- Opening Delimiter -

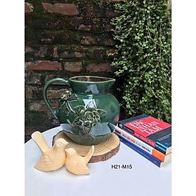 ✨Lọ hoa dáng bình rót sữa men xanh ngọc đắp nổi gốm sứ Bát Tràng (H21cm)
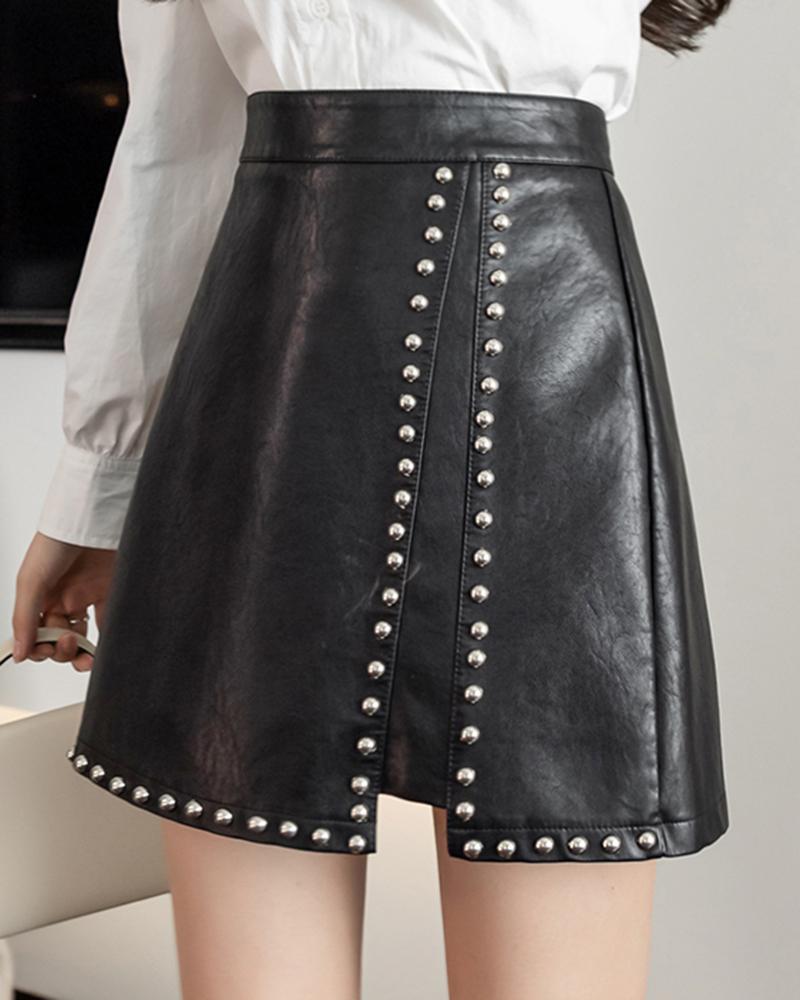 PU Leather Studded High Waist Skirt |
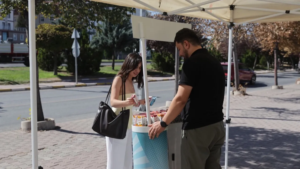 Hoş geldiniz etkinliği kapsamında öğrencilere üniversite girişinden bulunan Nevşehir Belediyesi standında çeşitli ikramlar yapılarak kentin manevi değerleri tanıtılıyor.
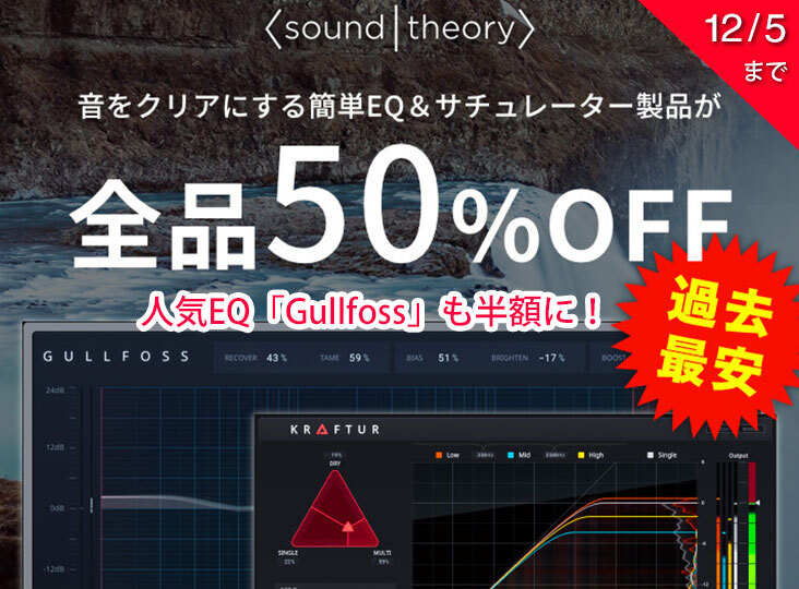 Soundtheory社によるセール開催!音をクリアにするイコライザー「GULLFOSS」、サウンドのパワーを増加させる2mix…

- Closing Delimiter -

• **Work request**:
Since the pictures are not part of the copy, transcribe only the remaining material, exactly.

• **The answer**:
 ✨Lọ hoa dáng bình rót sữa men xanh ngọc đắp nổi gốm sứ Bát Tràng (H21cm)
 PU Leather Studded High Waist Skirt |
 Hoş geldiniz etkinliği kapsamında öğrencilere üniversite girişinden bulunan Nevşehir Belediyesi standında çeşitli ikramlar yapılarak kentin manevi değerleri tanıtılıyor.
 Soundtheory社によるセール開催!音をクリアにするイコライザー「GULLFOSS」、サウンドのパワーを増加させる2mix…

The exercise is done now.